──────── Data shown ────────
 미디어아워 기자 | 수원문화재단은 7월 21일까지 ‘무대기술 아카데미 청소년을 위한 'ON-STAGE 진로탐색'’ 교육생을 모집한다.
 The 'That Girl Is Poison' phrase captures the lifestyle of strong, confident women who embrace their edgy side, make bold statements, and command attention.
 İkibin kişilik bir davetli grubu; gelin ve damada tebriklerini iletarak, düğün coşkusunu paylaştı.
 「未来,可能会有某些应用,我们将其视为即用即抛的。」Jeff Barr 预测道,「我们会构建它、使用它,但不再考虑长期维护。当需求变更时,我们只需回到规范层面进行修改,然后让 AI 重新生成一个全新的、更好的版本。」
────────
──────── Data shown ────────
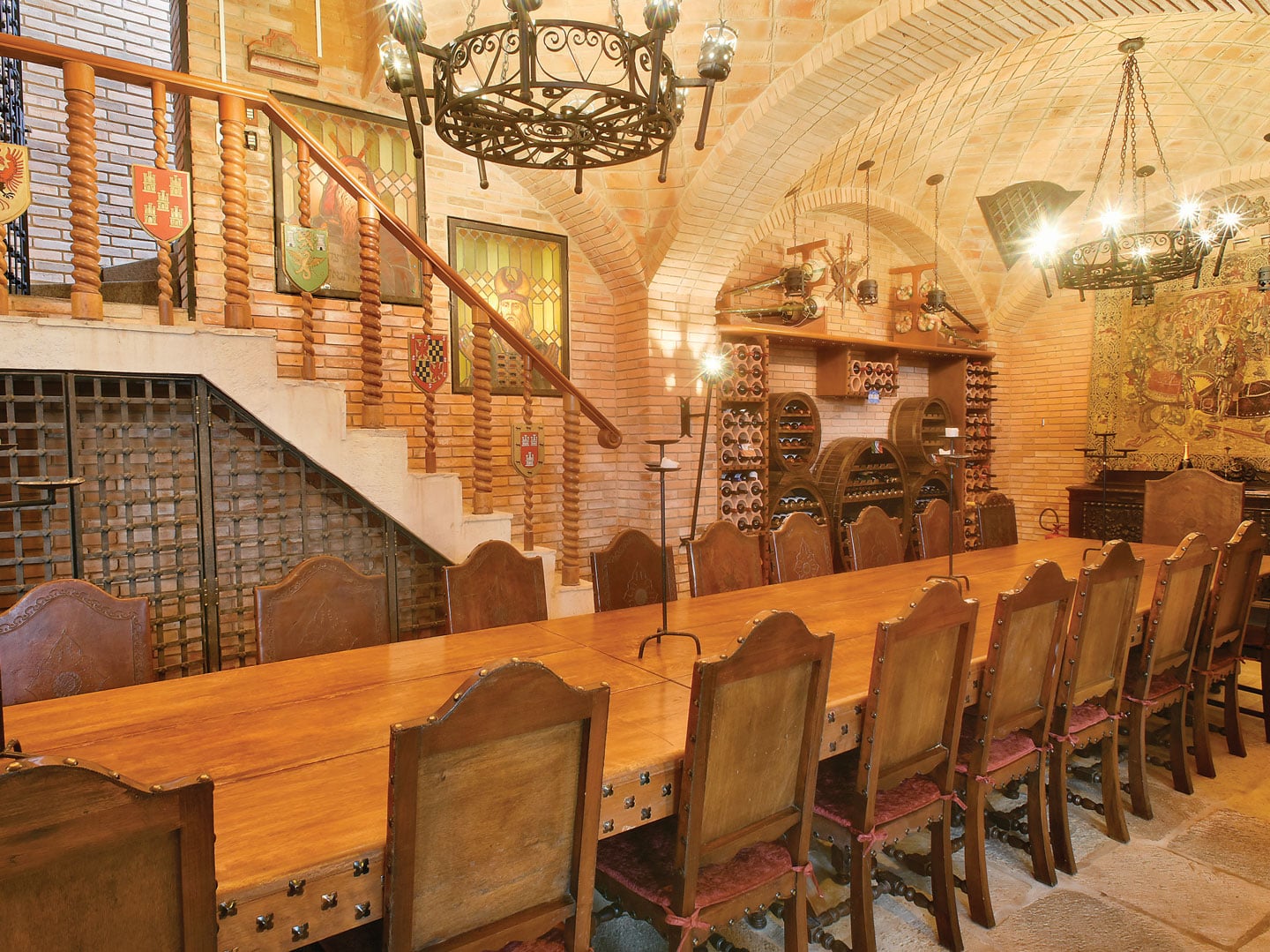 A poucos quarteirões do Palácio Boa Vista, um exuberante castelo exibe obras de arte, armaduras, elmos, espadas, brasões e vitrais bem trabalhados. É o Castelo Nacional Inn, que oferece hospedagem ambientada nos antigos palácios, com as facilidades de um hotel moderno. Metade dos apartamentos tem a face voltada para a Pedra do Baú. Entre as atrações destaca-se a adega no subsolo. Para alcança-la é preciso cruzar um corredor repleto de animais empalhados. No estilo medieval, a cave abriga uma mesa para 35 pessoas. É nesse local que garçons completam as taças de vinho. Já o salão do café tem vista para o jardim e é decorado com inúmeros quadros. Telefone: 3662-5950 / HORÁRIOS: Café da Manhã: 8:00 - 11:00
────────
_Aim of the exercise_. Of the lines above, output exactly those from the line bearing "미디어아워 기자 | 수원문화재단은" through the line bearing "Barr 预测道,「我们会构建它、使用它,但不再考虑长期维护。当需求变更时,我们只需回到规范层面进行修改,然后让 AI", inclusive.

_Task solution_.
 미디어아워 기자 | 수원문화재단은 7월 21일까지 ‘무대기술 아카데미 청소년을 위한 'ON-STAGE 진로탐색'’ 교육생을 모집한다.
 The 'That Girl Is Poison' phrase captures the lifestyle of strong, confident women who embrace their edgy side, make bold statements, and command attention.
 İkibin kişilik bir davetli grubu; gelin ve damada tebriklerini iletarak, düğün coşkusunu paylaştı.
 「未来,可能会有某些应用,我们将其视为即用即抛的。」Jeff Barr 预测道,「我们会构建它、使用它,但不再考虑长期维护。当需求变更时,我们只需回到规范层面进行修改,然后让 AI 重新生成一个全新的、更好的版本。」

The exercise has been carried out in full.